- About this task: Please print every record exactly as it stands, leaving out the pictures.

(Extracted records)
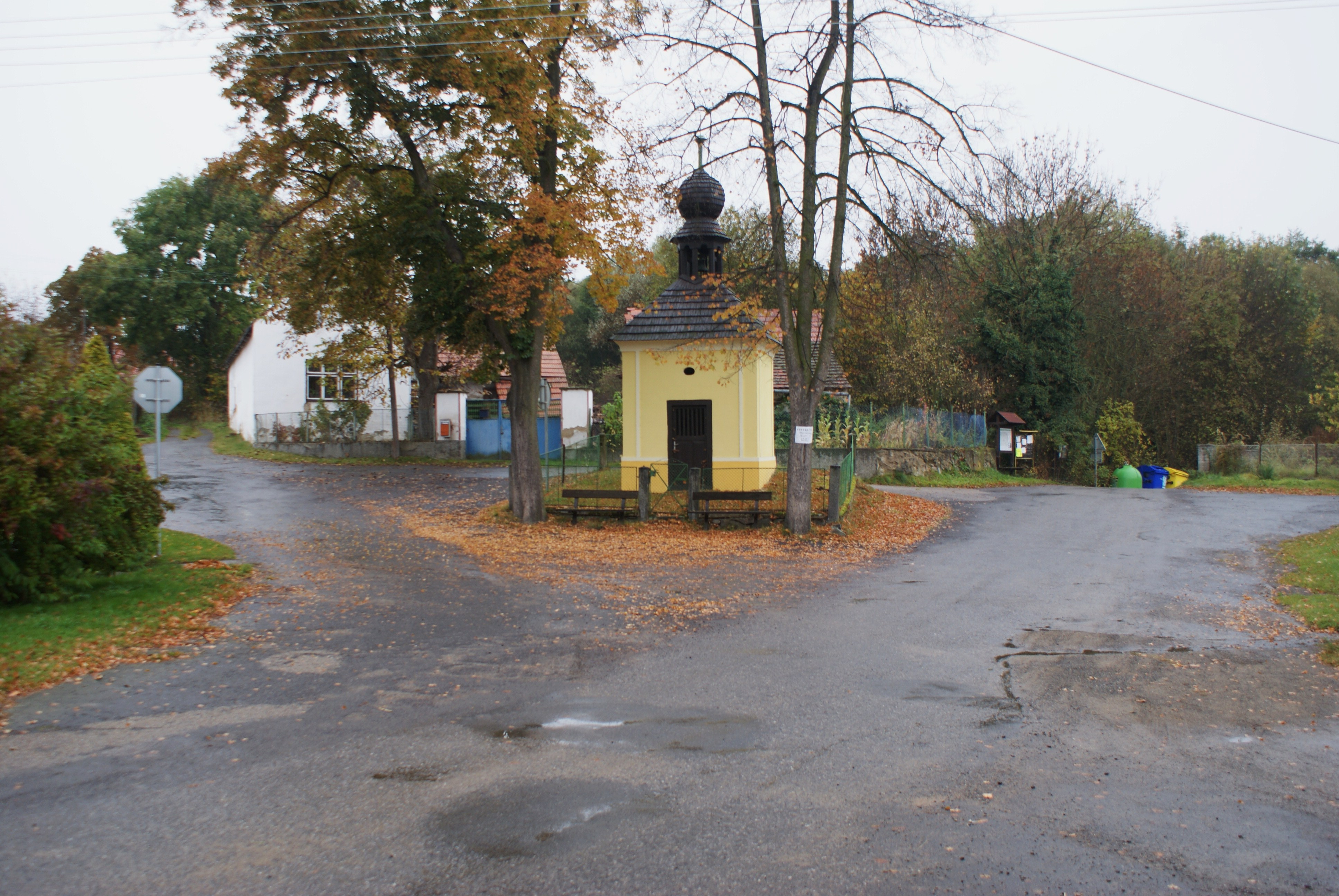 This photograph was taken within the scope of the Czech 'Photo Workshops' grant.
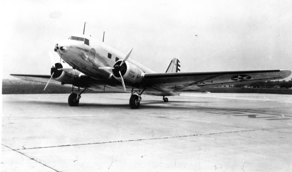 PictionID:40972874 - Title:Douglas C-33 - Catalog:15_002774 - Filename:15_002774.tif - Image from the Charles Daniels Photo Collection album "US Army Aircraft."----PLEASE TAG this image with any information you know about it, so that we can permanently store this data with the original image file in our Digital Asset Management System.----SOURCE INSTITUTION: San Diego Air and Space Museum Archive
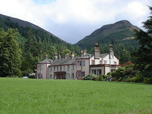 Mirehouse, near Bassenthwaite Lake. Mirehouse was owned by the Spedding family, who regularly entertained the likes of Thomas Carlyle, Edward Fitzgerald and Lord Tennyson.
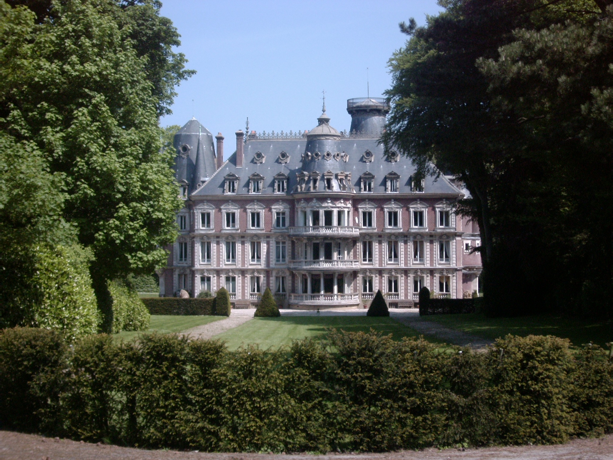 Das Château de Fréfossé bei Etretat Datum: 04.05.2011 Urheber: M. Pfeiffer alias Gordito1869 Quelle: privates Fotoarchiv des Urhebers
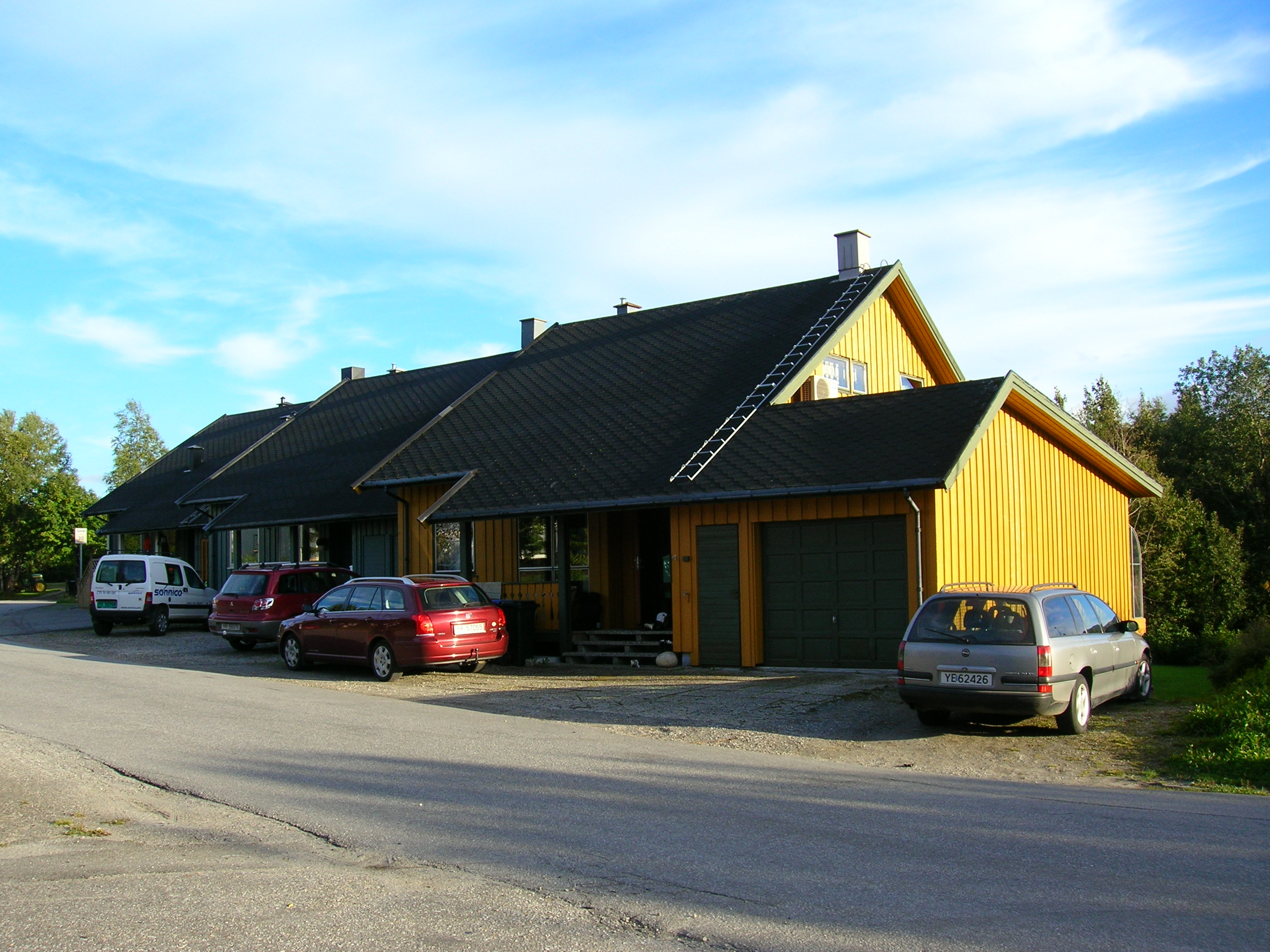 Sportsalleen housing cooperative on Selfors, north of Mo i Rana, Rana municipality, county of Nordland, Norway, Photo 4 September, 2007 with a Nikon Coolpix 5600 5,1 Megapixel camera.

- Answer to this exercise:
 This photograph was taken within the scope of the Czech 'Photo Workshops' grant.
 PictionID:40972874 - Title:Douglas C-33 - Catalog:15_002774 - Filename:15_002774.tif - Image from the Charles Daniels Photo Collection album "US Army Aircraft."----PLEASE TAG this image with any information you know about it, so that we can permanently store this data with the original image file in our Digital Asset Management System.----SOURCE INSTITUTION: San Diego Air and Space Museum Archive
 Mirehouse, near Bassenthwaite Lake. Mirehouse was owned by the Spedding family, who regularly entertained the likes of Thomas Carlyle, Edward Fitzgerald and Lord Tennyson.
 Das Château de Fréfossé bei Etretat Datum: 04.05.2011 Urheber: M. Pfeiffer alias Gordito1869 Quelle: privates Fotoarchiv des Urhebers
 Sportsalleen housing cooperative on Selfors, north of Mo i Rana, Rana municipality, county of Nordland, Norway, Photo 4 September, 2007 with a Nikon Coolpix 5600 5,1 Megapixel camera.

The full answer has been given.